And then it fails around 70k tasks completions and after ~20 tasks failure.
Exception:
WARN lzo.LzopInputStream: IOException in getCompressedData; likely LZO corruption.
org.apache.http.ConnectionClosedException: Premature end of Content-Length delimited message body
Looks like the s3 connection is getting closed prematurely.
I have tried nearly 40 different combos of configurations.
To summarize them: 1 executor to 3 executors per node, 18GB to 42GB --executor-memory, 3-5 --executor-cores, 1.8GB-4.0 GB spark.yarn.executor.memoryOverhead, Both, Kryo and Default Java serializers, 0.5 to 0.35 spark.memory.storageFraction, default, 130000 to 200000 partitions for bigger dataset. default, 200 to 2001 spark.sql.shuffle.partitions.
And most importantly: 100 to 2048 fs.s3a.connection.maximum property.
[This seems to be most relevant property to exception.]
[In all cases, driver was set to memory = 51GB, cores = 12, MEMORY_AND_DISK_SER level for caching]
Nothing worked!
If I run the program with half of the bigger dataset size (7.5TB), it finishes successfully in 1.5 hr.
What could I be doing wrong?
How do I determine the optimal value for fs.s3a.connection.maximum?
Is it possible that the s3 clients are getting GCed?
Any help will be appreciated!
Environment:
AWS EMR 5.7.0, 60 x i2.2xlarge SPOT Instances (16 vCPU, 61GB RAM, 2 x 800GB SSD), Spark 2.1.0
YARN is used as resource manager.
Code:
It's a fairly simple job, doing something like this:
val sl = StorageLevel.MEMORY_AND_DISK_SER
sparkSession.sparkContext.hadoopConfiguration.set("io.compression.codecs", "com.hadoop.compression.lzo.LzopCodec")
sparkSession.sparkContext.hadoopConfiguration.set("fs.s3a.impl", "org.apache.hadoop.fs.s3a.S3AFileSystem")
sparkSession.sparkContext.hadoopConfiguration.setInt("fs.s3a.connection.maximum", 1200)
val dataset_1: DataFrame = sparkSession
.read
.format("csv")
.option("delimiter", ",")
.schema(<schema: StructType>)
.csv("s3a://...")
.select("ID") //15 TB
dataset_1.persist(sl)
print(dataset_1.count())
tmp = dataset_1.groupBy(“ID”).agg(count("*").alias("count_id”))

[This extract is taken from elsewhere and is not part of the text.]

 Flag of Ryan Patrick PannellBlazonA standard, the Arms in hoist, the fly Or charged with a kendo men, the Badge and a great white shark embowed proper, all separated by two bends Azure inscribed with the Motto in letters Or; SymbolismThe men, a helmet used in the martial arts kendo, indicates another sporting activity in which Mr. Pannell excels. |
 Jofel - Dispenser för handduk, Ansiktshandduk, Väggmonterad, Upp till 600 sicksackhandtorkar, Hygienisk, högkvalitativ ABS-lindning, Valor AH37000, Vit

tmp2 = tmp.groupBy("count_id").agg(count("*").alias(“count_count_id”))
tmp2.write.csv(…)
dataset_1.unpersist()
Full Stacktrace:
17/08/21 20:02:36 INFO compress.CodecPool: Got brand-new decompressor [.lzo]

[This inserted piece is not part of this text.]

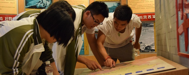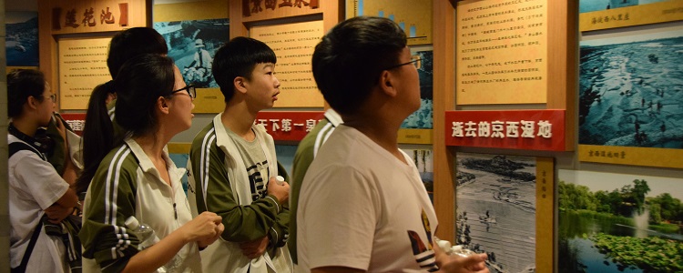 同学们在展厅观看北京消失的部分河湖水面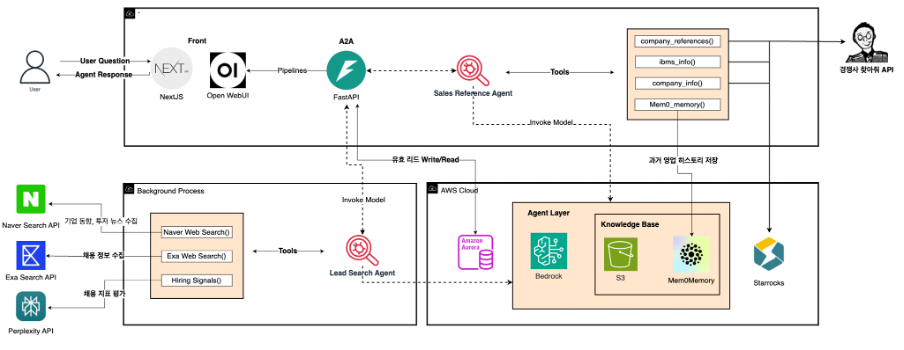 - Bedrock 기반 모델을 통해 추론 작업을 수행하고, S3에는 세션간 대화 맥락, Mem0Memory에는 영업 이벤트 이력을 저장합니다. 이를 통해 각 기업별 과거 전략 및 히스토리를 기반으로 맞춤형 대응이 가능합니다.

17/08/21 20:06:18 WARN lzo.LzopInputStream: IOException in getCompressedData; likely LZO corruption.
org.apache.http.ConnectionClosedException: Premature end of Content-Length delimited message body (expected: 79627927; received: 19388396
at org.apache.http.impl.io.ContentLengthInputStream.read(ContentLengthInputStream.java:180)
at org.apache.http.conn.EofSensorInputStream.read(EofSensorInputStream.java:137)

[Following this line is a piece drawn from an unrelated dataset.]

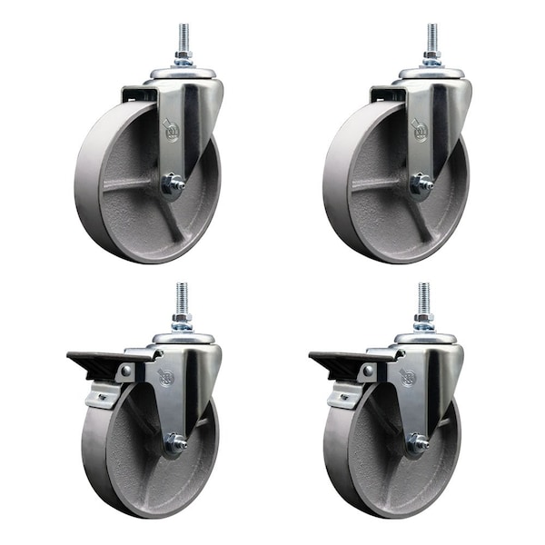 Listing is for a set of four 4 Service Caster Series 20 casters, two 2 swivel 12MM threaded stem with brake casters and two 2 swivel casters, with 5 diameter by 112 wide semi steel cast iron wheels Supports a total weight of 1,200lbs 300lbsper caster When searching for a reliable and durable solution to your caster needs, consider Service Casters Series 20 roller bearing semisteel cast iron casters The Service Caster Series 20 is ideal for light and medium duty material handling, carts, equipment, and shop projects The zinc plated finish provides durability under any condition, while the semisteel wheels are abrasion resistant and rugged, maintaining effortless rolling under heavier loads, and provides a costeffective solution over steel wheels The roller bearing is capable of carrying greater loads while also providing smoother rolling motion It has a split outer race shell into which the roller assembly is inserted Combination sealthrust retainer washers protect the bearing from dirt, water, and chemicals They also help absorb thrust friction Note roller bearing must be used with hardened spanner bushing or hardened shaft Mounting options include top plate, bolt hole and standard and metric threaded stem sizes

at com.amazonaws.internal.SdkFilterInputStream.read(SdkFilterInputStream.java:72)
at com.amazonaws.event.ProgressInputStream.read(ProgressInputStream.java:151)
at com.amazonaws.internal.SdkFilterInputStream.read(SdkFilterInputStream.java:72)
at com.amazonaws.services.s3.model.S3ObjectInputStream.read(S3ObjectInputStream.java:155)
at com.amazonaws.internal.SdkFilterInputStream.read(SdkFilterInputStream.java:72)
at com.amazonaws.internal.SdkFilterInputStream.read(SdkFilterInputStream.java:72)
at com.amazonaws.event.ProgressInputStream.read(ProgressInputStream.java:151)
at com.amazonaws.internal.SdkFilterInputStream.read(SdkFilterInputStream.java:72)
at com.amazonaws.util.LengthCheckInputStream.read(LengthCheckInputStream.java:108)
at com.amazonaws.internal.SdkFilterInputStream.read(SdkFilterInputStream.java:72)
at com.amazonaws.services.s3.model.S3ObjectInputStream.read(S3ObjectInputStream.java:155)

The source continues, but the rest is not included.